Here is the resend for the group.
Cheers
Nor
-------- Forwarded Message --------
Subject: Re: [tesseract-ocr] App to adjust imgage scaling
Date: Fri, 21 Jul 2023 12:45:21 -0400
From: astro <njsgas...@gmail.com>
To: Ger Hobbelt <g...@hobbelt.com>
Hi Ger,
The images I'm scanning are trail camera images that have the
date/time on the picture in the bottom corner. I'm trying to extract the
date/time values from the image. Normally the images are 1440x1080 at
96dpi . the only way I could get tesseract to read some of the time
stamp was by upping the image size. I have since changed my strategy
and used imageMagick to crop the bottom corner of the image that
contains the date/time to a 540x70 image and leaving the 96dpi ( see
attached). That seems to work very well. I'm currently looking to
increase the reliability by trying various things including correcting
the output where possible.
Thanks for the reply.
Cheers
Nor
On 7/21/2023 12:01 PM, Ger Hobbelt wrote:
6000*4500?!
Hm, sounds way too large for a simple text.
I'm guessing here, but it might be that you got thwarted by the
various "dpi" notes re ocr/tesseract out there.
Bottom line: IIRC tesseract was trained on text of around 30px high
(note that I use PX = pixels as the relevant unit of measure, I don't
care about dpi because that's something only really relevant to
printing press people (desktop publishing, etc.)
While a lot of folks hang onto dpi as unit of measure it's derivative
and only relevant when you scan printed pages, which turns "points"
(and picas and ....) into pixels, which is where dpi pops up.
Anyway, the key bit for every image you feed to an ocr engine like
tesseract is attempting to match the ”x height” Vs the training
material as closely as possible for any attempt at a good/optimal match.

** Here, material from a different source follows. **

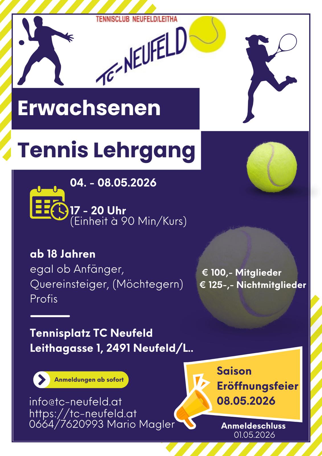 Anmeldung an info@tc-neufeld.at oder direkt über die Online Anmeldung.

For tesseract, this means you should aim for each line if text to be
somewhere between 20 and 50 pixels high (and as clean looking in black
& white / greyscale as possible, but that comes second, after getting
that line height to the 20-50px range. Computers work in PX, not DPI,
so it's PX that's the driving criterium.
Since you mention "picking out a date” I ASSUME your text area is one
line of text only.
Drop all image areas that do not contain text.
Make sure the text is black on a white background (you may need to
invert your image when this is a video grab or some such, f.e.)

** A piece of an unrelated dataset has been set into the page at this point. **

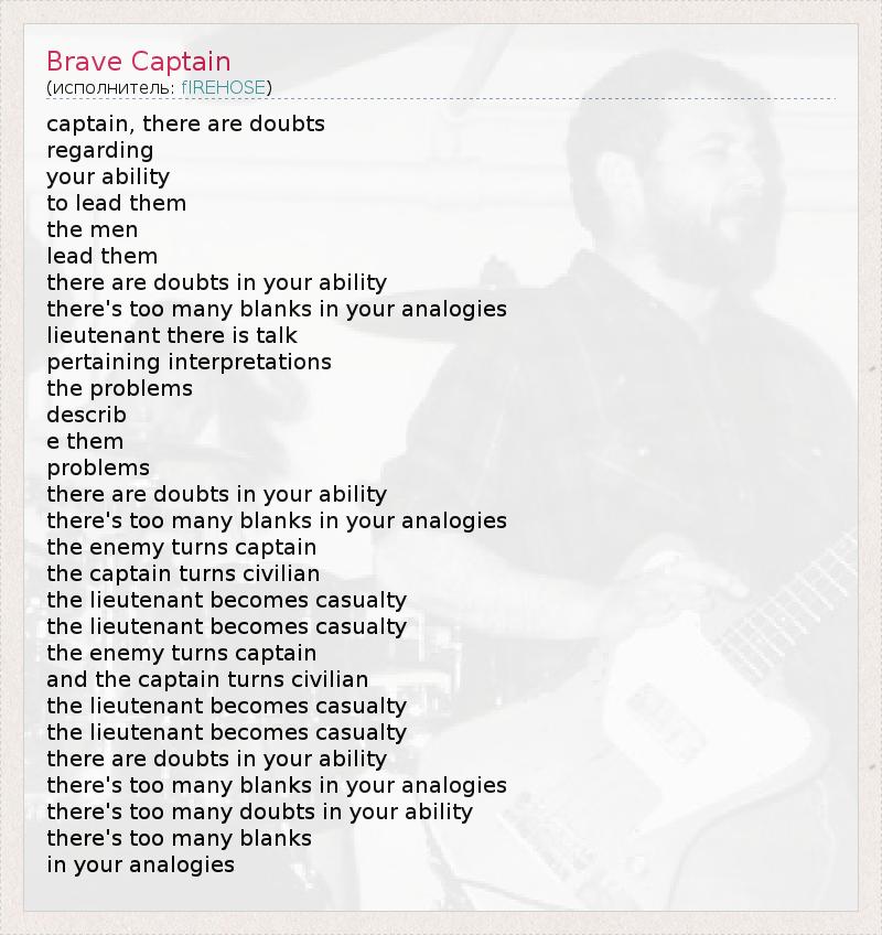 А как ты думаешь, о чем песня "Brave Captain" ?

There's a long wiki page about improving image quality for tesseract
processing too.
But first try to extract that line of text, scale it so the digits are
between 20-50px high and try some sizes within that range.
Second most important bit, I find, is making sure the input image has
black text on white background or anything greyscale/luminance-wise
that approaches this as best as possible. SOME tesseract modes /
settings can cope with white text on black BG, but that's you getting
rather lucky so don't bet on it.
tesseract is *engineered* for black text in white background input
images (paper book scans)
If you need further assistance on this forum/mailing list, attack the
image and tesseract commandline you tried; those messages get more
feedback as they are less of a guessing game ;-)
PS: third most important work item that lots of folks do wrong: when
clipping/extracting lines of text, postprocess those line images by
adding a nice large white=BACKGROUND COLOR boundary around the entire
line. Personally, I favor a "border" like that of about 0.5 to 1.0 the
size of the line itself. The added border should be SMOOTHLY
transitioning from the actual image background to prevent false edge
detections in tesseract itself: this problem doesn't happen for clean
paper book scans (which already have a plain white background) but is
an important aspect when extracting from "busy backgrounds".
Anyway, that topic is the size of a book all by itself, so take it
slow and get prio 1 right first: 1 line of text to ocr = 20-50px high.
Cheers,
Ger
On Fri, 21 Jul 2023, 13:35 astro, <njsgas...@gmail.com> wrote:
Hi Ger,
Thanks for your response. Yes. I found ImageMagick. Looks t be
very powerful and easy to implement. I tried it out by upping the
the image to 300 dpi and 6000x4500 and ran the image thru the OCR
process but tesseract had difficulty in picking out the date on
the image. I guess I will have to play around so to see if I can
improve things.
Cheers
Nor
On 7/21/2023 12:13 AM, Ger Hobbelt wrote:
Check out ImageMagick, an open source image toolset. Specifically
the 'convert' tool, look for commandline usage and application
parameters/arguments, where you will find several ways to
resize/rescale the image.
Also useful to ”tweak” the image as part of your ocr
preprocessing pipeline before your image reaches tesseract.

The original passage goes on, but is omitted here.